The Trinity Oaks branch is a full-service branch, Daisy notes. “We can do anything customers need.”
Trinity Oaks customers and employees who bank with F&M can bank there, as well as family members of residents who also have accounts with the bank.
The office contains a safe which houses safe deposit boxes, so residents can store important papers and other items there.
Daisy says that some of her customers have embraced the high-tech banking offerings, and some haven’t. “It depends on where they worked and what they were doing when they retired.”
The branch does not have an ATM machine, although there are machines nearby at other branches on Jake Alexander Boulevard or Avalon Drive.
Barbara Garwood discovered that this week when she brought her ATM card in to Daisy to make a withdrawal. Barbara works for Trinity at Home, a home care and care management group based on the Trinity Oaks campus.
No ATM, no problem. Daisy simply pulled out a withdrawal slip from the neat stack on her desk and gave Barbara the cash she needed from her account.
Speaking of Avalon Drive, Barbara McLaughlin from that F&M branch fills in for Daisy from time to time.
“Barbara loves to get here to see the residents, too,” Daisy says.
And the residents love to see them.
“This branch is wonderful, it really is,” says Dixie Scott, who moved to Trinity Oaks in 2011 with husband Earl. “When I can’t understand something, she explains it to me.”
Fran Schumacher glides by every day on her scooter. On this particular day, she and Daisy chat about an upcoming beach trip Fran will be taking.
Billie Bryant has lived at Trinity Oaks for seven years. She is co-chairman of the gift shop on the second floor, The Shop On the Corner.
“Daisy is one of our customers as well,” Billie says. “She’s our friend for sure.”
Daisy hears all about her customers’ lives, and shares her story as well.
She’d just graduated from Granite Quarry High School when Paul’s father, J.E. Fisher, asked her to come to work for F&M. She and J.E. Fisher and three others worked at the bank’s original location in Granite Quarry. The tiny office is now used for board meetings.
“That’s where I started,” Daisy says. “The Fisher family has been my family all the way through.”
Daisy remembers posting checks to ledgers and sending out quarterly statements, all done by hand.
“You can’t believe all the changes,” she says.
Through it all, Daisy’s commitment to banking has remained constant.
“Daisy is not just an F&M employee, she is a friend to the residents living at Trinity Oaks,” says Bill Johnson, executive director of Trinity Oaks. “She goes above and beyond to assist them and guide them with their banking needs. She talks with them about their families, gets to know their history, past occupations and interests. We are blessed that F&M is willing to invest the time and resources to allow Daisy to be here. I believe for Daisy it is a ministry.”
Daisy and her husband, Larry, will celebrate their 57th wedding anniversary in December. They have two sons, Eric, a Lutheran pastor in West Columbia, S.C., and Dwayne, a retired teacher and coach.
Daisy has to chuckle at the fact that one of her sons is retired, and she’s still working.

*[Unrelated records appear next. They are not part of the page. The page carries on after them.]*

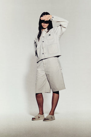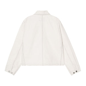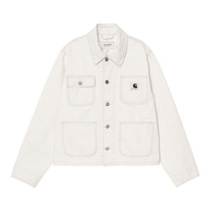 The Women's Mercer Chore Coat is made from a heavyweight, unlined cotton fabric featuring allover hickory stripes. The item features four front pockets on the front, one of which has a buttoned flap. The item is also detailed with bartack stitching at vital stress points. A woven Square Label completes the design.
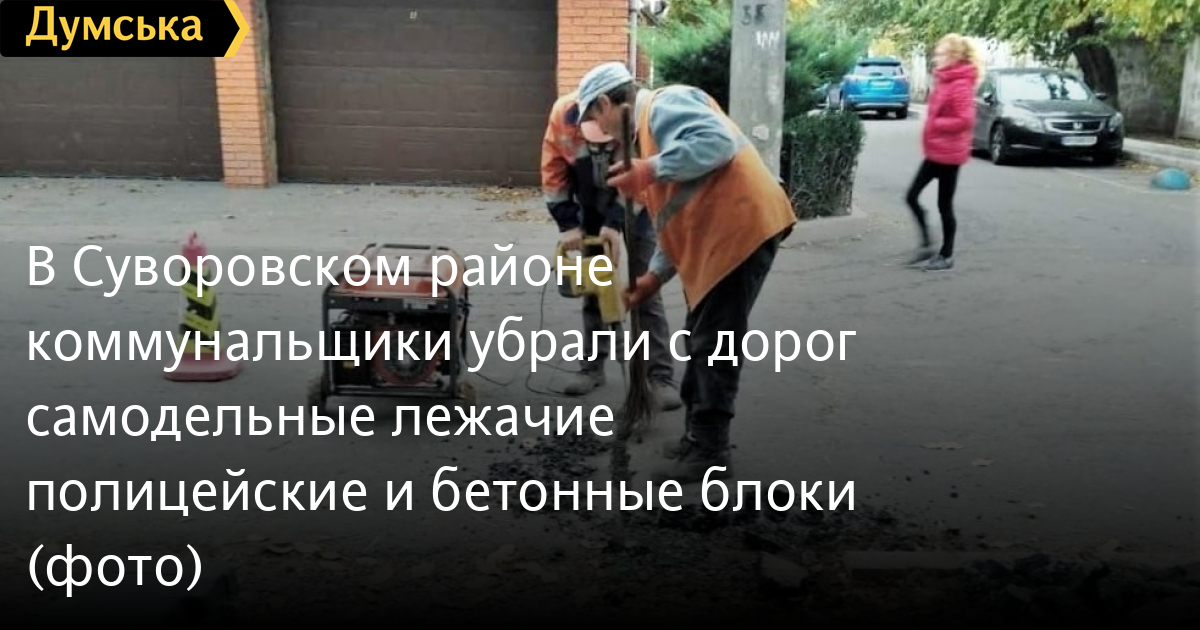 Сотрудники КП «Городские дороги» демонтировали лежачие полицейские, ограды и бетонные блоки, которые местные жители незаконно установили на дорогах в Суворовском районе.
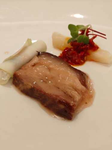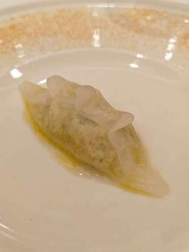 Next up, the Shrimp and Coriander Dumpling with the chili coriander jam was infinite joy in just one bite. With gossamer-thin coating and bursting with a fragrant shrimp filling, this dumpling was herbaceous, fiery, and luxuriously light.
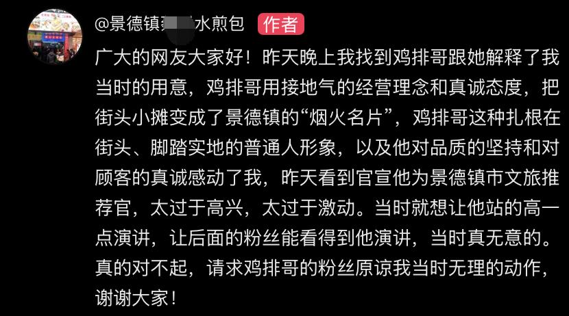 扯鸡排哥衣角男子身份曝光,原来是个同行!当地人都说他人很好! 近日爆火的鸡排哥已经成为景德镇文旅推荐官,这泼天的流量自然也引来了不少人想要蹭一蹭,据媒体报道,在鸡排哥出摊后有一男子走到鸡排哥身边,拉着他的衣服想让他站在矿泉水箱上对着顾客讲两句,不难看出鸡排哥已经很不情愿了,但是男子还是用力拽着鸡排哥的衣服。事后该男子道歉,称自己太激动了,想让粉丝都看得清楚一点,没有恶意,请求鸡排哥的原谅。紧接着男子身份被扒,原来他也是同行,干餐饮的,在当地卖水煎包。不过有当地网友表示,其实这位男子人很好,口罩时期还把店里的存货免费发放给附近的居民帮助了好多人,所以广大网友们,你们原谅这位男子吗?
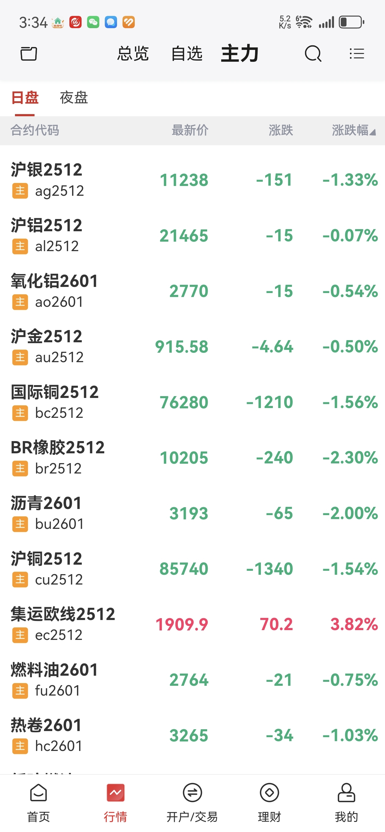 别的期货都跌,集运欧线大涨3.82%;明天看你了!
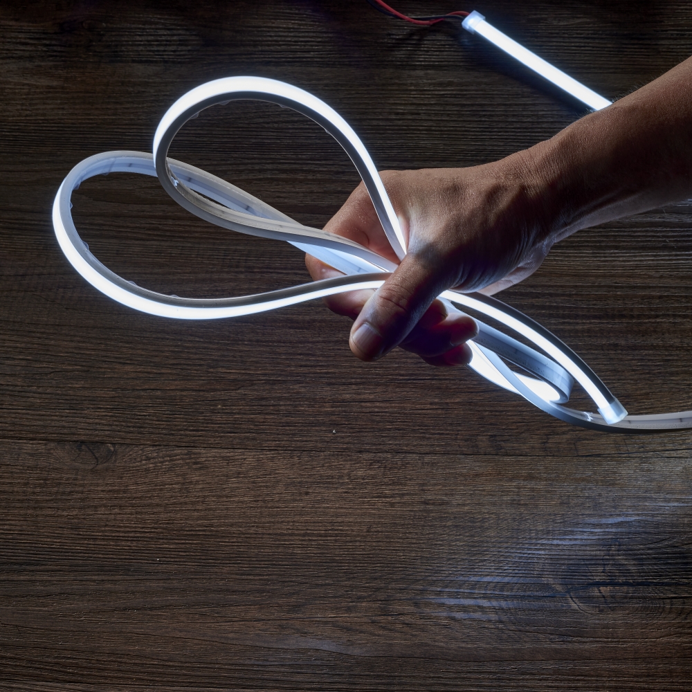 -Super slim size with flat shape, dot free, combination of the strip light and neon flex.
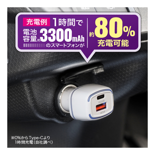 ■ 容量3300mAhのスマホが1時間で約80%充電可能!
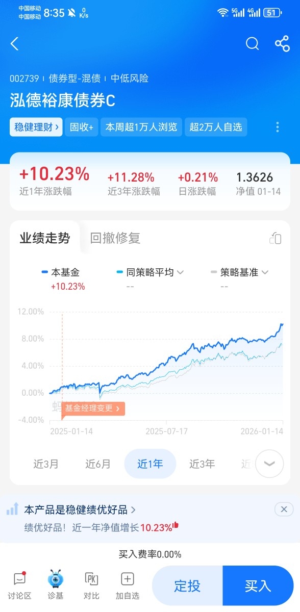 泓德裕康债券C再迎红盘!近一年收益10.23%,今日+0.21%,聚焦中高等级信
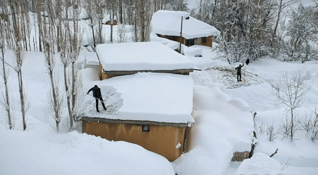 Köylüler evlerinden dışarıyı görebilmek için kardan kaybolan pencereleri ve yer ile dümdüz olmuş ahır ve tandır damlarını bulmak için kardan temizlemek zorunda kalıyorlar.
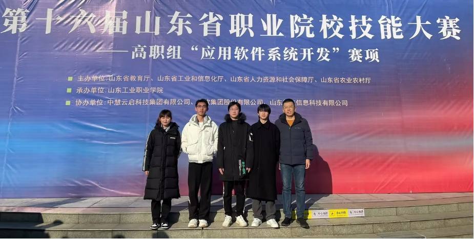 12月16日-17日,第十六届山东省职业院校技能大赛高职组“应用软件系统开发”赛项在淄博举办,来自全省44所高职院校的132名选手同场竞技。我校信息工程学院顾海燕、李素素两位老师指导的蔡克诚、董光源、王立平3位同学,在比赛中展现出扎实的专业知识和出色的团队合作能力,经过6个小时的激烈角逐,最终荣获团体二等奖。
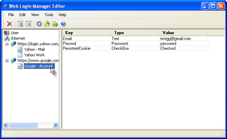 Web Login Manager is an Internet Explorer Password Manager that enables you to automatically log in to your favorite web sites with just one click. It seamlessly integrated with Internet Explorer and is accessible from a toolbar that becomes a part of Internet Explorer, HTML page context menu or Internet Explorer main menu. Web Login Password Manager saves all login information from web form as your profile to protected encrypted location on your computer and easily completes and submits login form when you next time select this profile.
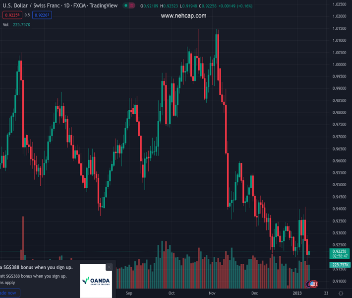 USDCHF currently trading at 0.9231 at the time of writing. Pair opened at 0.9212 and is trading with a change of 0.21 % .
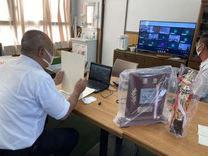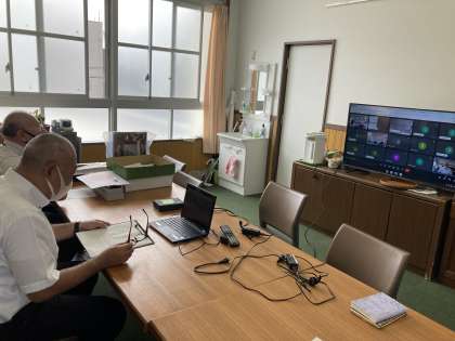 緊急事態宣言期間中の始業式であるため、体育館や運動場を避け、校内でのオンライン始業式を行いました。双方向通信にすると画像がスムーズに動かない面もありましたが、始業式を終えることができました。
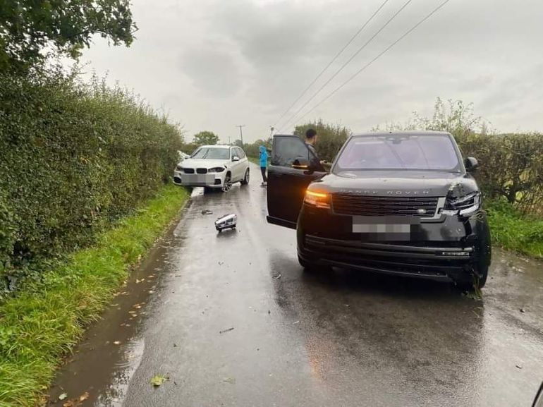 His £90,000 black Range Rover, which also had a broken headlight and pieces missing from its front-left bumper, was severely damaged by the collision.
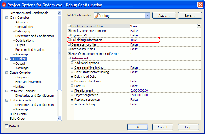 4. Switch to the C++ Linker category and set the Full debug information option to True:
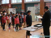 10月初めの全校集会では、まず、書写と作文の表彰を行いました。
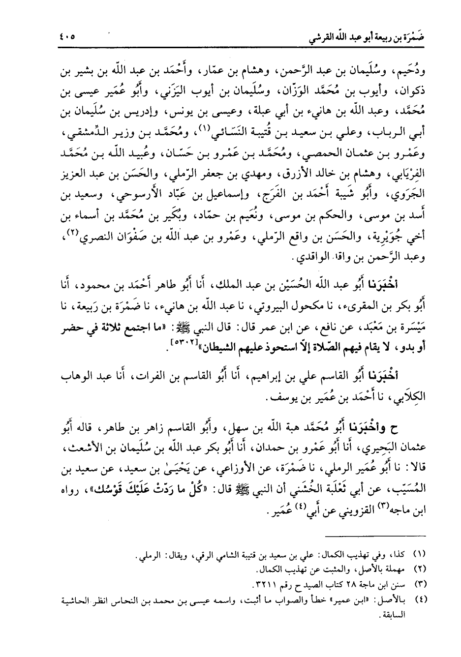 ودحيم وسليمان بن عبد الرحمن وهشام بن عمار وأحمد بن عبد الله بن بشير بن ذكوان وأيوب بن محمد الوزان وسليمان بن أيوب اليزني وأبو عمير عيسى بن محمد وعبد الله بن هانئ بن أبي عبلة وعيسى بن يونس وإدريس بن سليمان بن أبي الرباب وعلي بن سعيد بن قتيبة النسائي (1) ومحمد بن وزير الدمشقي وعمرو بن عثمان الحمصي ومحمد بن عمرو بن حسان وعبيد الله بن محمد الفريابي وهشام بن خالد الأزرق ومهدي بن جعفر الرملي والحسن بن عبد العزيز الجروي وأبو شيبة أحمد بن الفرج وإسماعيل بن عباد الأرسوحي وسعيد بن أسد بن موسى والحكم بن موسى ونعيم بن حماد وبكير بن محمد بن أسماء بن أخي جويرية والحسن بن واقع الرملي وعمرو بن عبد الله بن صفوان النصري (2) وعبد الرحمن بن واقد الواقدي أخبرنا أبو عبد الله الحسين بن عبد الملك أنا أبو طاهر أحمد بن محمود أنا أبو بكر بن المقرئ نا مكحول البيروتي نا عبد الله بن هانئ نا ضمرة بن ربيعة نا ميسرة بن معبد عن نافع عن ابن عمر قال قال النبي (صلى الله عليه وسلم) ما اجتمع ثلاثة في حضر أو بدو لا يقام فيهم الصلاة إلا استحوذ عليهم الشيطان أخبرنا أبو القاسم علي بن إبراهيم أنا أبو القاسم بن الفرات أنا عبد الوهاب الكلابي نا أحمد بن عمير بن يوسف ح وأخبرنا أبو محمد هبة الله بن سهل وأبو القاسم زاهر بن طاهر قاله أبو عثمان البحيري أنا أبو عمرو بن حمدان أنا أبو بكر عبد الله بن سليمان بن الأشعث قالا نا أبو عمير الرملي نا ضمرة عن الأوزاعي عن يحيى بن سعيد عن سعيد بن المسيب عن أبي ثعلبة الخشني أن النبي (صلى الله عليه وسلم) قال كل ما ردت عليك قوسك رواه ابن ماجه (3) القزويني عن أبي (4) عمير
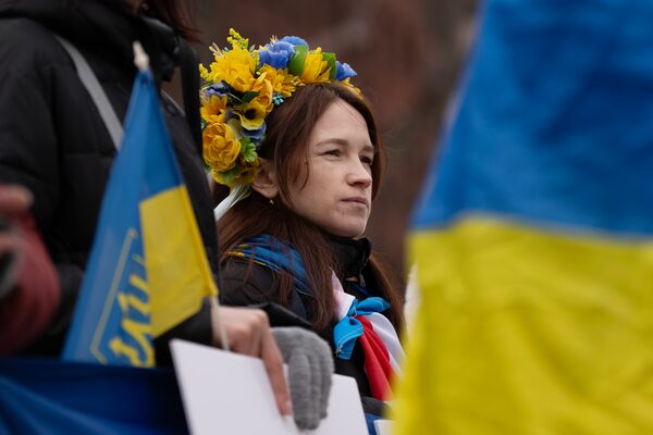A demonstrator wearing a Ukrainian wreath, or vinok, takes part in a rally in Halifax on Feb. 23.Darren Calabrese/The Canadian Press
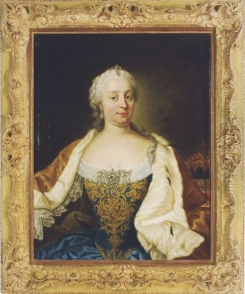 Portrait Of Maria Theresa, Archduchess Of Austria Wearing A Blue Satin Dress With An Ermine Cloak
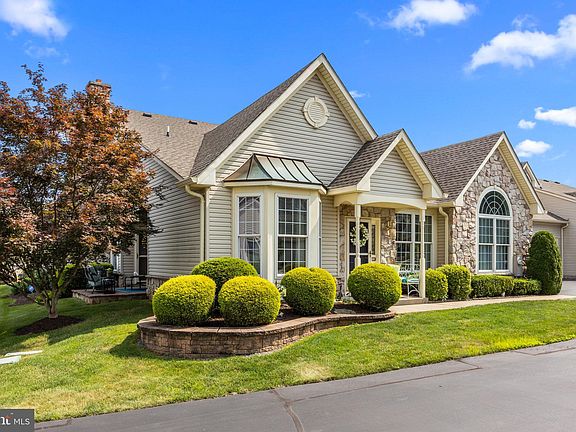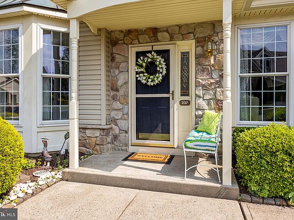 Welcome home to 237 Sugarberry Lane, a Thornhill Model Quad in the desirable 55+ community of Flowers Mill. Enter this home through the covered porch and immediately be drawn to the modern engineered hardwood floors that spread throughout the living areas on the main level. The combination living room / dining room set up is quite spacious and features vaulted ceilings making for a welcoming first impression. On one side of the living room you will find the main bedroom with vaulted ceilings, en-suite, walk-in closet and additional double closet, a true owner's retreat. On the other side of the living room is the second bedroom and additional full bath. Now follow the hardwoods beyond the dining room to find an impressively sized combination kitchen and family room. This house is perfect for entertaining all size families! The beautiful kitchen with 42" cabinetry, granite countertops, tile backsplash and stainless steal appliances overlooks the family room with attractive gas fireplace and vaulted ceilings. Off of the family room you will find access to an expanded, partially covered patio. The first floor is finished out with the laundry room which leads to the 2-car garage with additional storage closet as well as access to the finished 2nd floor loft with large storage room. This house has all the room you need to make it your home. Of Note: Roof (2022), Water Heater (2023). Enjoy all the activities that Flowers Mill has to offer including a recently updated clubhouse, indoor pool, outdoor pool, tennis courts, bocce, NEW pickle ball courts, walking trails and a calendar full of events.
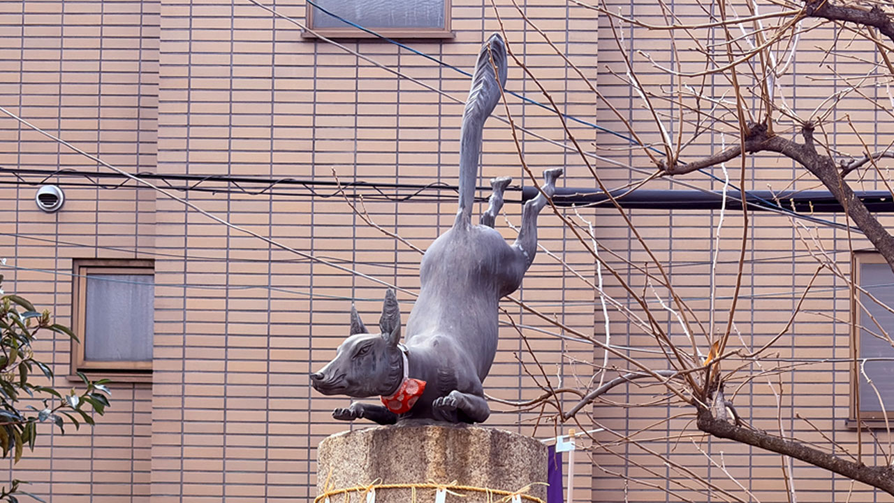 狐が飛来してきている石像は、「葛の葉子別れ伝説」を元に晴明の母の白狐「葛の葉」が、信太の森から飛来する姿を表現したもの。
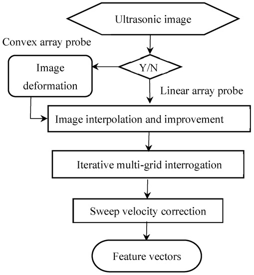 Among the steps, the image deformation should be used for an image correction when a convex array probe is used during the physical model test. This step can be skipped if a linear array probe is used because the imaging of the linear array probe is nearly rectangular without deformation. The step of image interpolation and improvement is necessary before calculating image features because the image size is relatively small. The most important step of iterative multi-grid interrogation is to realize the measurement of flow velocity by calculating the feature vector in the ultrasonic image. The basic principle of this step is based on an image cross-correlation algorithm. After the feature vector is calculated, the vector should be recorrected because it has a relationship with the sweep velocity of the ultrasound probe. Therefore, sweep velocity correction is a revised method to obtain the real flow velocity.
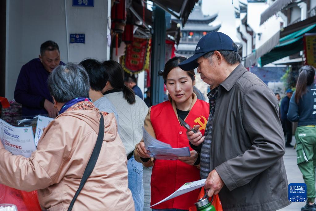 4月24日,在建德市梅城鎮古街,社區黨員志愿者在向游客、商家宣傳亞運知識。
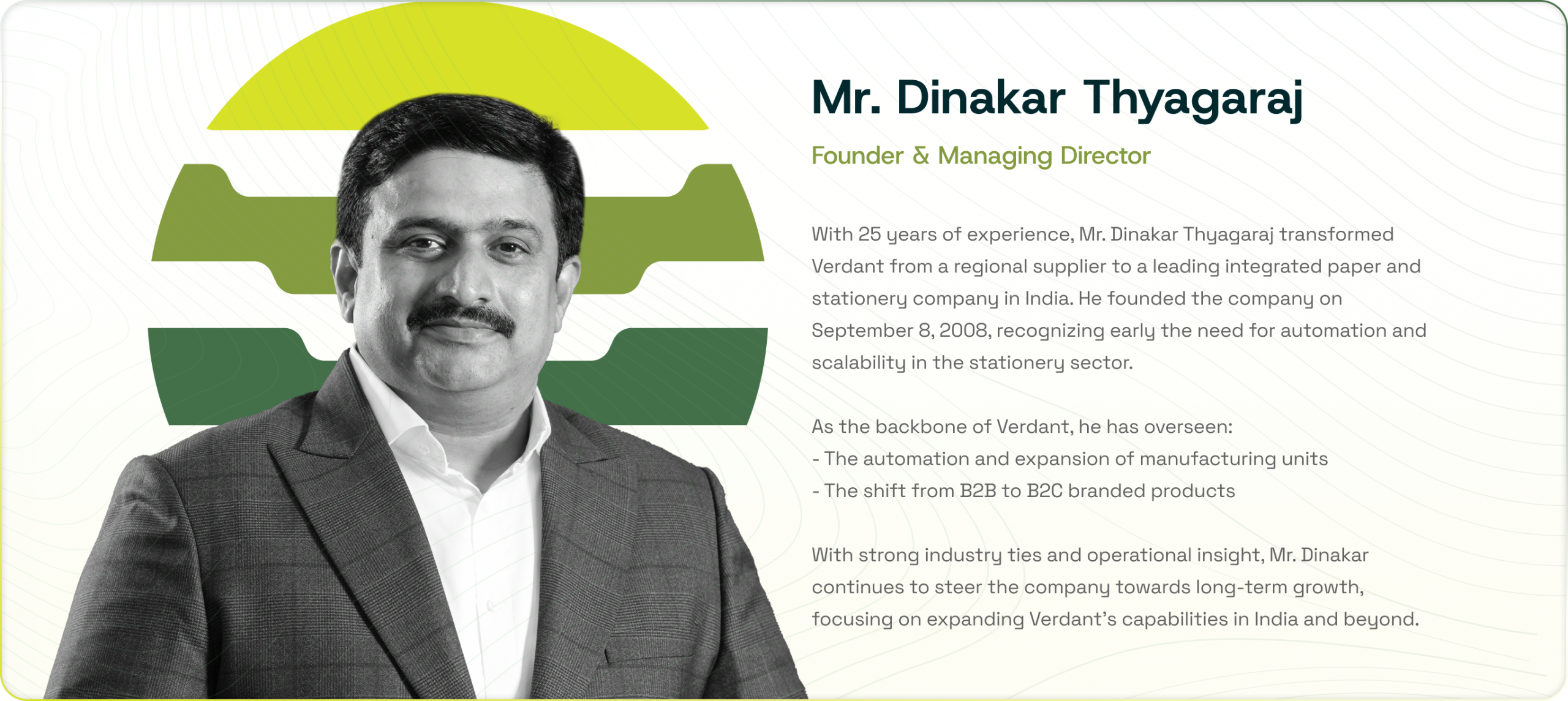 • From a modest beginning in South India to becoming one of India’s most trusted and vertically itegrated Stationery and Paper manufacturers, Verdant Stationery Pvt. Ltd. has been a journey of Integrity, Innovation, and Impact.

Her grandson, Jacob, is a junior at UNC-Asheville, and clearly the apple of his grandmother’s eye.
When Daisy is not at the office, she’s most likely doing something at her church, Faith Lutheran.
But Trinity Oaks residents are always glad to see her office door open.
“She’s the best thing that happened to this place since I’ve been here,” Ann Honeycutt says. “It just makes it so easy for us to do our banking. It’s a lifesaver for me.”
Freelance writer Susan Shinn lives in Salisbury.